EFPIA has not made any comment on those reference documents for the time being, but Nathalie Moll, the Director General of EFPIA, is quoted as saying that an SPC manufacturing waiver would be detrimental to innovation, to research and development in Europe and to the economy as a whole. Such a waiver would make attracting investment more difficult as investors look for the most favourable intellectual property environment to decide on their investments and can find such environments elsewhere. It would send a worrying signal about the EU’s respect for, and seriousness about, building a knowledge-based economy.
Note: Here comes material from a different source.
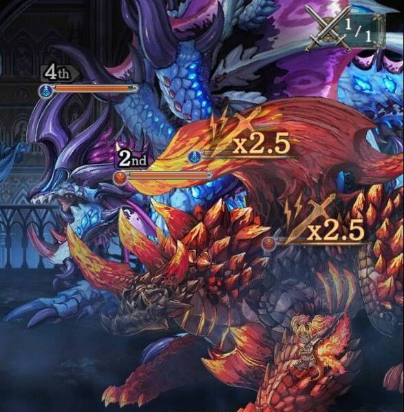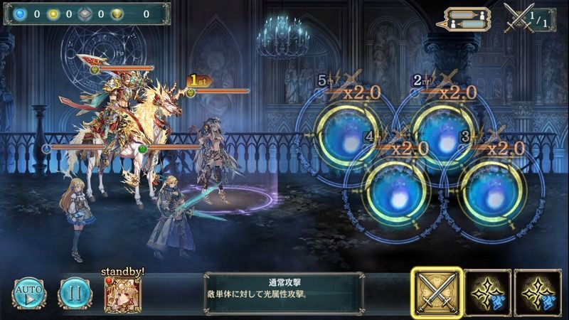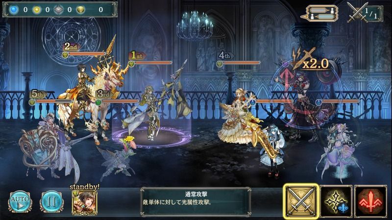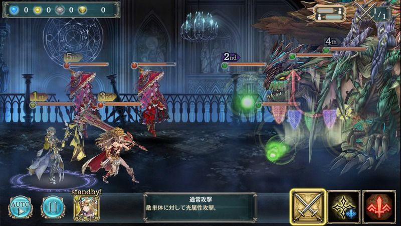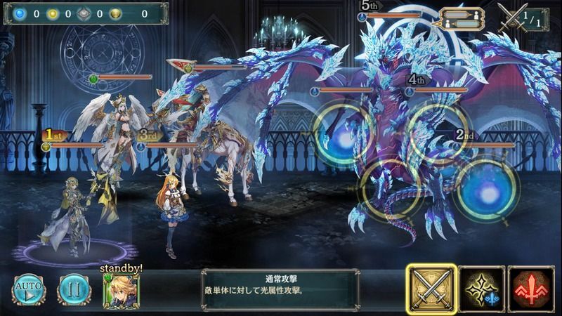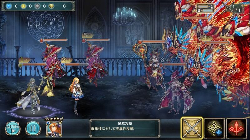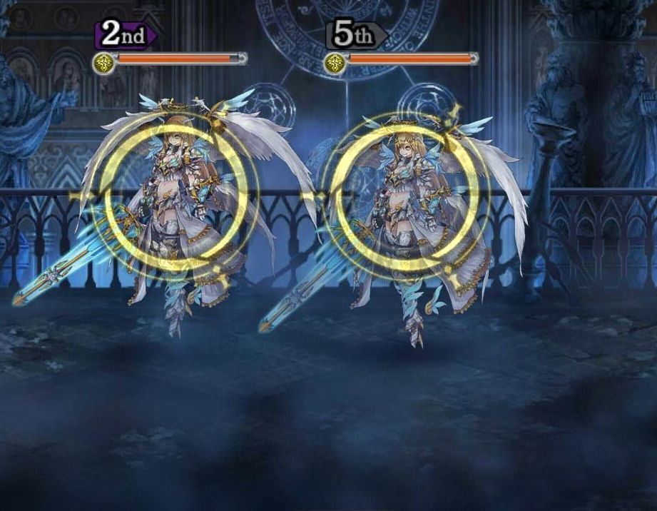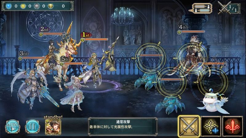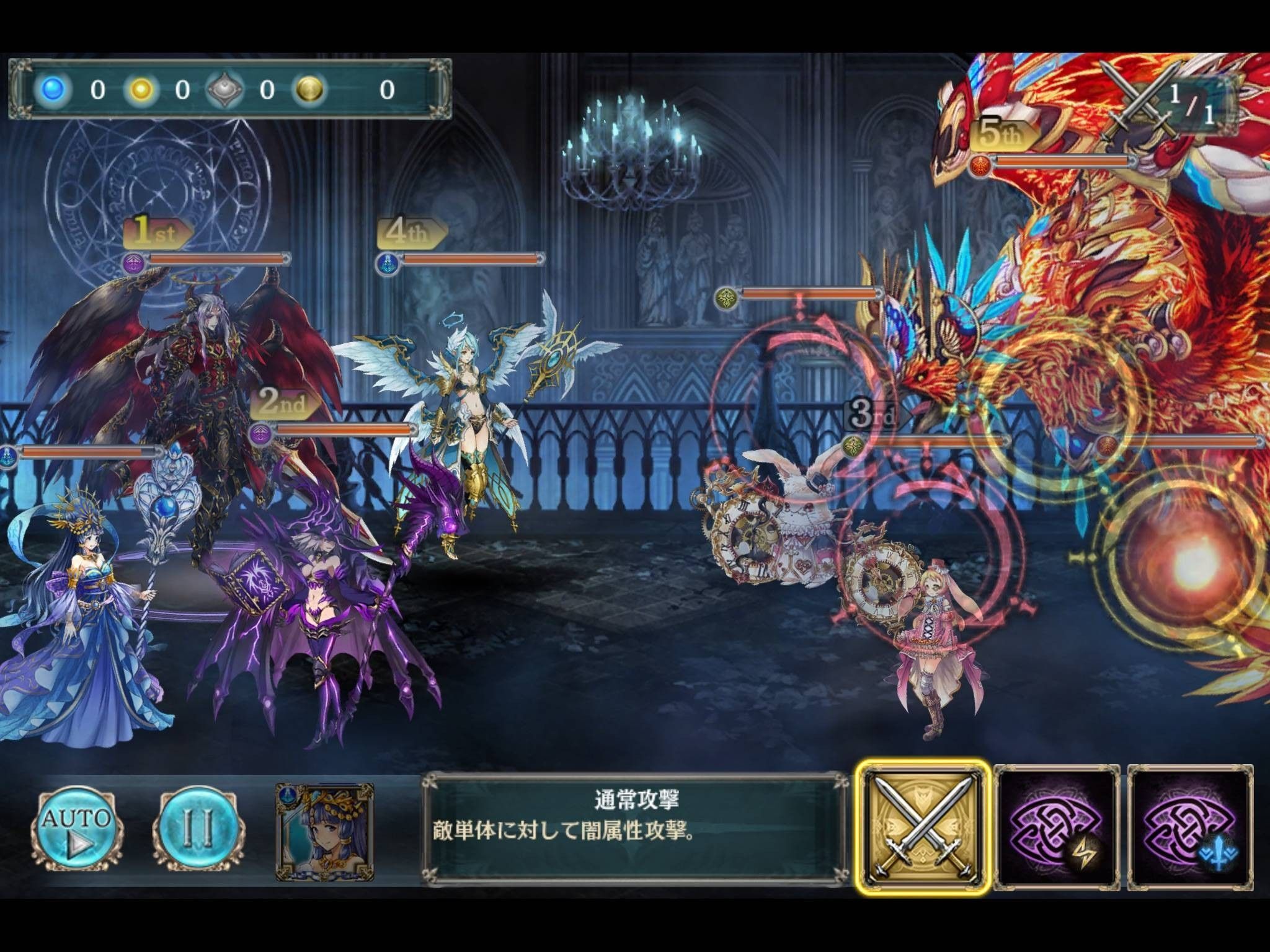 | 難所です!ユグドラシルに攻撃力ダウンのデバフを使われるとまず勝てない。フランシールのCT短縮も強力で厄介。まずはバフで強化しグリモア姉妹とユグドラシルを先に倒しましょう。 もしパラディンキラー持ちを連れて来ていたらそのキャラはリズを狙う。基本的にリズ以外にキラーが刺さるメリッサで固め、、残り一体は【天照姫神】アマテラスかユニコーンかサヴェジガストがオススメ。 フレンドはリズの連撃の麻痺を防ぎパラディンキラーのあるユニコーンがオススメ。またグリモア姉妹に相性の良い【水を司る者】サキエルやユグドラシルに相性の良いミャンナもオススメ。 | |
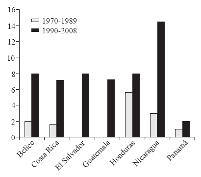 Similarly to Mexico, Central American countries observed an increase in the frequency of hurricanes and tropical storms. From 1990 to 2008, occurrence approximately tripled in comparison to the 1970 - 1989 period (Figure 3) (PROMECAFE, 2013).

The economic evidence from Charles Rivers Associates on job creation and the savings resulting from earlier generic entry may be open to challenge by consultees. Indeed, it appears that the US Chamber of Commerce has already commissioned research that reaches an opposite conclusion. We expect the evidence from innovator companies to focus on the impact these changes could have on attracting research to the EU, investment incentives, competition through innovation and the promotion of essential innovation for patients. The Commission expressly seeks such evidence from stakeholders on their experience with SPCs and the Bolar exemption.

The Commission will publish a summary and assessment of the consultation outcome in a report on its website and will use the report to inform any future policy and legislative proposals on SPCs and patent exemptions.